▶ **Assigned task**:
Retype all of the listing exactly, with no pictures.

▶ **Provided material**:
↓

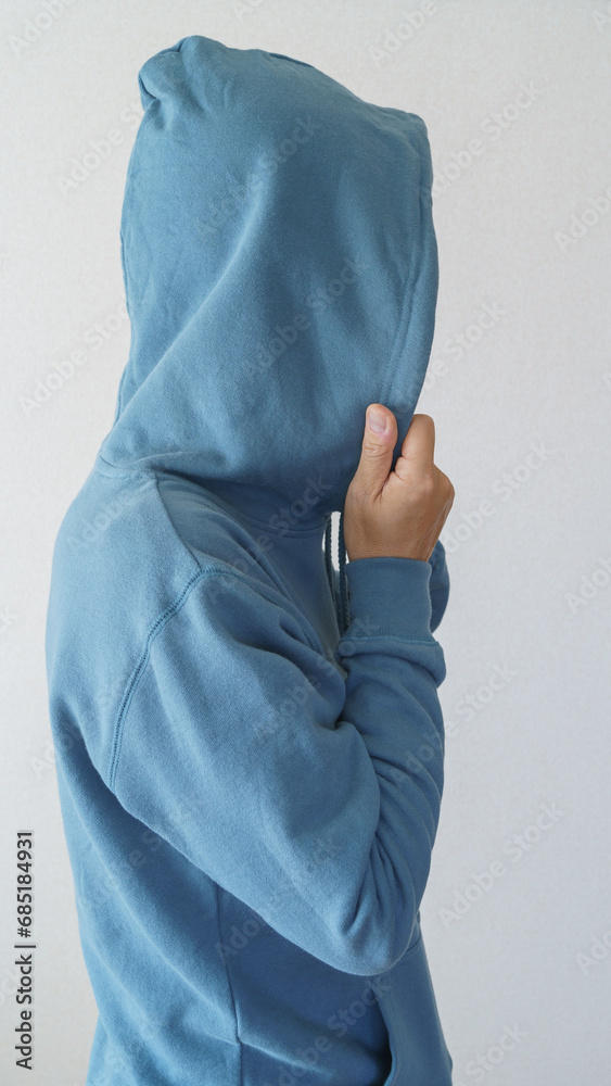 パーカーのフードを被る人 不審者イメージ
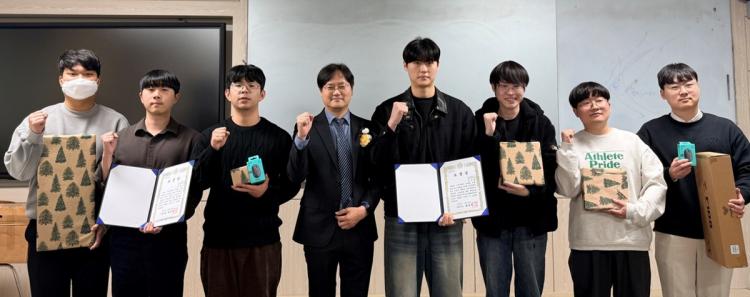 ´ë»óÀº ½Ç½Ã°£ ¾ó±¼ Ç¥Á¤¡¤À½¼ºÀ» ±â¹ÝÀ¸·Î »ó´ãÇü ÀÎÅÍ·¢¼Ç ±¸Çö ±â¼úÀÌ ³ôÀº Æò°¡¸¦ ¹ÞÀº ¡®Ç¥Á¤ ÀÎ½Ä ¹× GAI °¨Á¤ ºÐ¼®À» °áÇÕÇÑ IoT Á¦¾î ½Ã½ºÅÛ¡¯À» ±¸ÇöÇÑ ±è¹Î¿ø ÇлýÀÌ ¼ö»óÇß´Ù. 2µî»óÀº ¹Ú¹Î¼ö¡¤±èÈÖ°â Çлý, 3µî»óÀº ¹®½ÂÁØ¡¤¼Û¿ìÁø Çлý, 4µî»óÀº Ãֹμ®¡¤Á¶¿¹ÁØ Çлý¿¡°Ô °¢°¢ µ¹¾Æ°¬´Ù. ƯÈ÷ ±èÁöÈÆ¡¤¹ÚÁؼ ÇлýÀº ±¹È¸ÀÇ¿ø Çо÷ ¿ì¼ö»óÀ» ÇÔ²² ¼ö»óÇØ ´õ¿í Àǹ̸¦ ´õÇß´Ù.
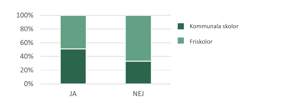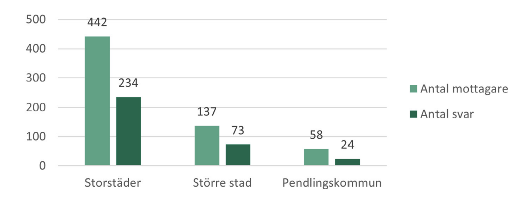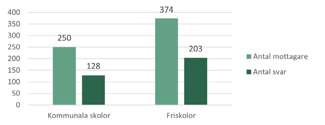 Totalt fanns 1 302 skolor i de 13 kommunerna. Den geografiska analysen identifierade 624 skolor som saknade bokningsbar hall och enkäten skickades därför till dessa. Vi fick 327 svar, vilket ger en svarsfrekvens på drygt 52 procent. Av mottagarna var 250 kommunala skolor och 374 friskolor. Mottagare och svarsfrekvens visas i figur 15 och figur 16.

↑

▶ **Exercise output**:
 パーカーのフードを被る人 不審者イメージ
 ´ë»óÀº ½Ç½Ã°£ ¾ó±¼ Ç¥Á¤¡¤À½¼ºÀ» ±â¹ÝÀ¸·Î »ó´ãÇü ÀÎÅÍ·¢¼Ç ±¸Çö ±â¼úÀÌ ³ôÀº Æò°¡¸¦ ¹ÞÀº ¡®Ç¥Á¤ ÀÎ½Ä ¹× GAI °¨Á¤ ºÐ¼®À» °áÇÕÇÑ IoT Á¦¾î ½Ã½ºÅÛ¡¯À» ±¸ÇöÇÑ ±è¹Î¿ø ÇлýÀÌ ¼ö»óÇß´Ù. 2µî»óÀº ¹Ú¹Î¼ö¡¤±èÈÖ°â Çлý, 3µî»óÀº ¹®½ÂÁØ¡¤¼Û¿ìÁø Çлý, 4µî»óÀº Ãֹμ®¡¤Á¶¿¹ÁØ Çлý¿¡°Ô °¢°¢ µ¹¾Æ°¬´Ù. ƯÈ÷ ±èÁöÈÆ¡¤¹ÚÁؼ ÇлýÀº ±¹È¸ÀÇ¿ø Çо÷ ¿ì¼ö»óÀ» ÇÔ²² ¼ö»óÇØ ´õ¿í Àǹ̸¦ ´õÇß´Ù.
 Totalt fanns 1 302 skolor i de 13 kommunerna. Den geografiska analysen identifierade 624 skolor som saknade bokningsbar hall och enkäten skickades därför till dessa. Vi fick 327 svar, vilket ger en svarsfrekvens på drygt 52 procent. Av mottagarna var 250 kommunala skolor och 374 friskolor. Mottagare och svarsfrekvens visas i figur 15 och figur 16.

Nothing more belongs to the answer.